Самсон Назорей
Шрифт:
— Я тебя любил все эти годы. Только я не знал, что ты можешь вернуться. Ты не умерла? Или умерла и все-таки вернулась? Я отомстил за тебя — я сжег Тимнату дотла, я раздавил Ахтуру череп между коленями. Но я не думал, что ты вернешься. В Газе, в ту ночь, когда ты меня спасла, мне казалось, что я узнал тебя, — почему ты не назвалась, не сказала, кто ты? Но я узнал тебя; только вслух не говорил, но в душе, каждый раз, и тогда в Газе, и в эти семь ночей в твоем шатре, и сегодня — я про себя твердил твое имя -
Еще до того, как он договорил, она пыталась высвободить руку, чтобы закрыть ему губы, не дать произнести то имя; но в тисках его рук нельзя было шевельнуться, и прямо в лицо ей, обжигая дыханием, он повторил два раза:
— Семадар…
Она закричала: «Пусти меня — я тебя ненавижу!» — но крик утонул в его поцелуе, и она не могла оторвать губ. Со стоном и
Стемнело.

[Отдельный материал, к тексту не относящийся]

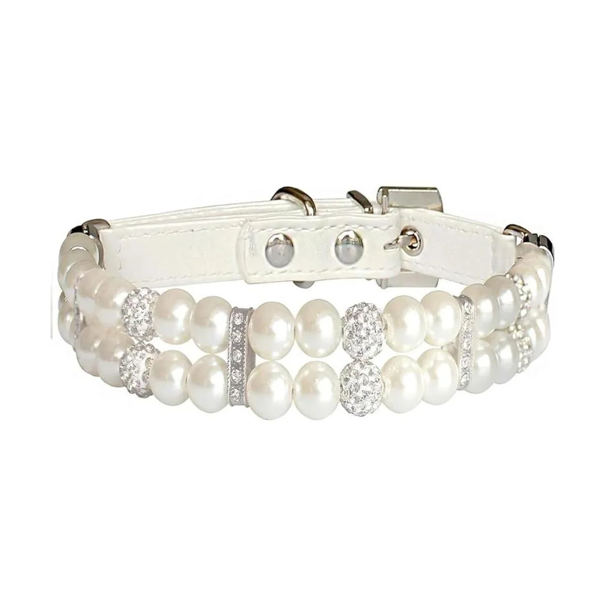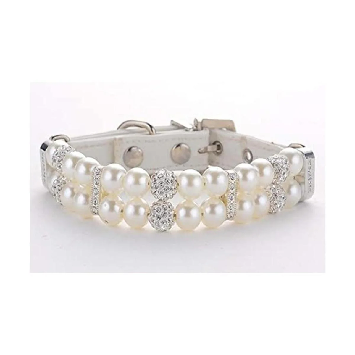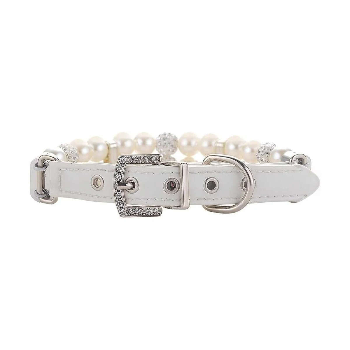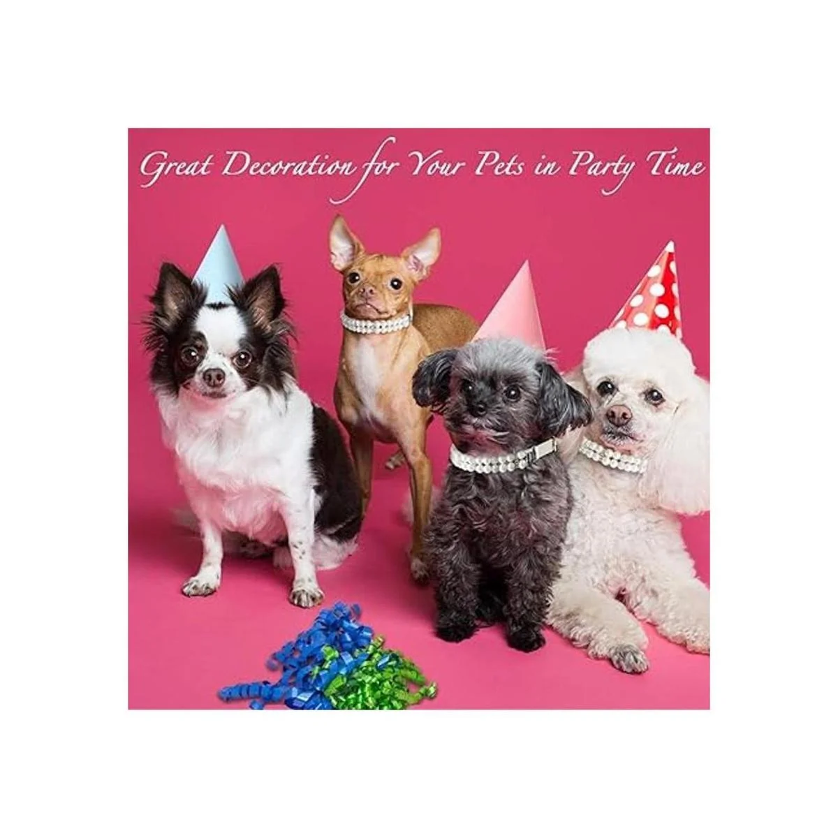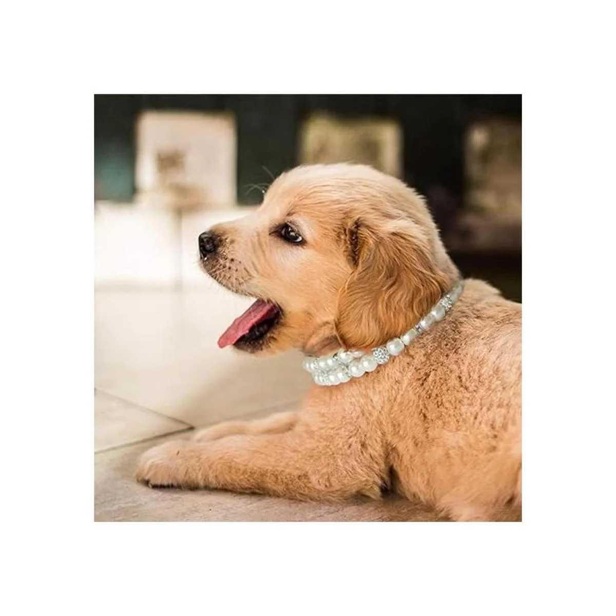 KUDES Collares de perlas para perros y gatos con diamantes de imitación de cristal, collar ajustable de piel sintética para mascotas pequeñas, bodas, fiestas de cumpleaños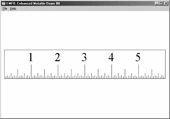 程式18-14中所示的EMF12程式,保留了EMF8中使用的DrawRuler处理方式,但是使用MM_HIMETRIC映射方式显示metafile。

У входа показалась негритянка со светильней в руке. Она осторожно заглянула в шатер. Госпожа ее лежала на ковре, лицом вниз, закутав голову в скомканное платье: при неверном свете эфиопке почудилось, что шелк этого платья изодран в лоскутья. Далила подняла голову, и лицо ее тоже показалось рабыне странным. Без слов, она жестом спросила, подавать ли ужин; Далила жестом ответила: ступай прочь. Негритянка оставила светильню у двери и ушла.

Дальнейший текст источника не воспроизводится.